As follows from data in the Table 1, the ASLP process performs consistently in a wide range of varying phosphating solution compositions (Experiments #7, 9, 10, 11, 12, 16, 17, 19), varying phosphating time (Experiments #10, 13, 14), varying filling grains size (Experiments #2, 8, 10, 20), varying speeds of substrate and filler movement (Experiments #2, 3, 5, 10). At optimal ASLP conditions, the process, without adding activators, obtains a very good thickness of phosphate layer (up to 15 g/cm²), small sizes of crystals (1 micron and less) and high corrosion stability (336 hours in SST).

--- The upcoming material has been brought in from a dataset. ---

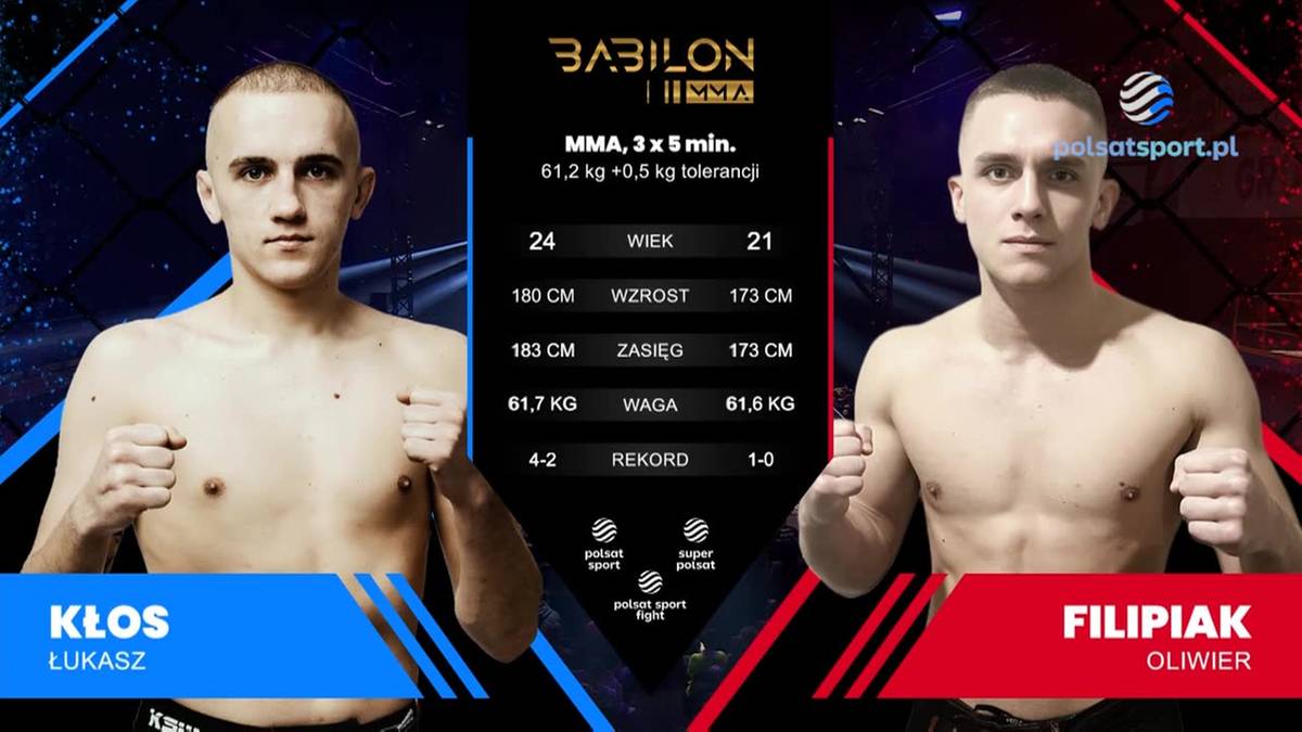 3 x 5 min/61 kg: Oliwier Filipiak (2-0) pokonał Łukasza Kłosa (4-3) przez poddanie (skrętówka) w pierwszej rundzie na gali Babilon MMA 54 w Grudziądzu.

Having described the invention with regard to certain specific embodiments and examples, it is to be understood that the description is not meant as a limitation, since further modifications may now suggest themselves to those skilled in the art, and it is intended to cover such modifications as fall within the scope of the appended claims.